BACKGROUND: The human milk-fed preterm infant is at risk for growth failure, micronutrient deficiencies, and neurocognitive delay. Although protective and better tolerated than formula, human milk alone cannot meet the high nutrient requirements of this population, and fortification is necessary. Clinicians use assumptions of preterm human-milk composition to determine the type and quantity of fortification. OBJECTIVES: The objectives of this review were to identify evidence of macronutrient and micronutrient concentration in preterm human milk and to identify knowledge gaps regarding composition. METHODS: PubMed and the Cumulative Index to Nursing and Allied Health Literature were used to identify original articles published between January 1950 and December 2019. RESULTS: Twenty-seven articles were found containing original data on macronutrients and micronutrients. Most (67%) of the studies published after 2011 measured the macronutrients and included gestational ages from 28 to 36 weeks. Milk collection methods, experimental design, and analytical methods varied between studies. There are 15 countries represented in this review; all of the American studies (n = 7) were published from 1980 to 1984. CONCLUSIONS: African American women, or women delivering before 28 weeks' gestation are not represented in the literature. Accurate and targeted human-milk fortification depends on comprehensive, complete, and representative human-milk nutrient data. We have aggregated all available preterm human-milk macronutrient and micronutrient data and reported trends associated with lactation stage and gestational age. This report can aid in the design of feeding plans that are appropriate for the gestational age of the preterm infant and the lactation stage of the breastmilk.

Nutrient composition of preterm mother's milk and factors that influence nutrient content.

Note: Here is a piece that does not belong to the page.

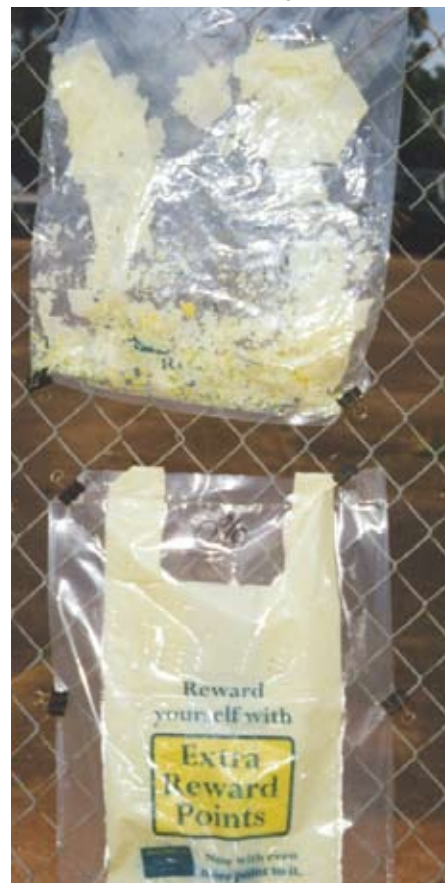
Photo illustration of the thermal degradation of a carrier bag incorporating EPI's TDPA® additive (top row) vs. a bag without EPI's TDPA® additive (bottom row). Test procedures follow ASTM D5272 "Outdoor Exposure Testing of Photo Degradable Plastics" Guidelines.

This product is made possible by EPI's pioneering OXO-BIODEGRADABLE additive technology that has been recognized under the ASTM D 6954-04 guide. Exposure to sunlight or heat triggers a two-step degradation process, in which the plastic breaks down through oxidation into small fragments, which then decompose into the natural elements of carbon dioxide, water, biomass, and minerals.

BACKGROUND: Breast milk feedings are the optimal feeding choice for premature infants. Clinicians depend on accurate nutrient profiles of the breast milk in order to make informed decisions regarding the need for nutrient supplementation. Existing data for nutrient composition of preterm breast milk are dated and not representative of the current population of women delivering prematurely in the United States. OBJECTIVES: The purpose of this prospective, longitudinal, single-center observational study was to measure the macronutrient and micronutrient composition of breast milk expressed by mothers, including women who self-identify as black, delivering preterm infants at ≤33 completed weeks of gestation. METHODS: We collected breast milk samples from mothers of preterm infants admitted to the neonatal intensive care unit at Augusta University Medical Center from January 2019 through November 2019. Mother's milk samples were collected on postpartum days 7, 14, 21, and 28 and analyzed for macronutrients (energy, fat, protein, and carbohydrates) and micronutrients (sodium, potassium, chloride, calcium, phosphorus, magnesium, vitamin D, and zinc). RESULTS: Thirty-eight mothers, mean age 27 ± 5.1 y and majority black (66%), provided milk for the study. The mean estimated gestational age and birth weight were 28.2 ± 2.8 weeks of gestation and 1098 ± 347 g, respectively, with 42% of mothers in the cohort delivering before week 28 of pregnancy. Differences in protein, sodium, potassium, calcium, phosphorus, and zinc concentrations based on race, day, and milk volume were identified. Dilution effects for protein, sodium, chloride, and vitamin D concentrations over time were identified. CONCLUSIONS: Our study is among the first to characterize breast milk composition from women who delivered extremely preterm infants and adds to the evidence that race, gestational age, and volume influence the composition of preterm mother's milk. These factors should be considered when designing mother's milk-based feeds for premature infants.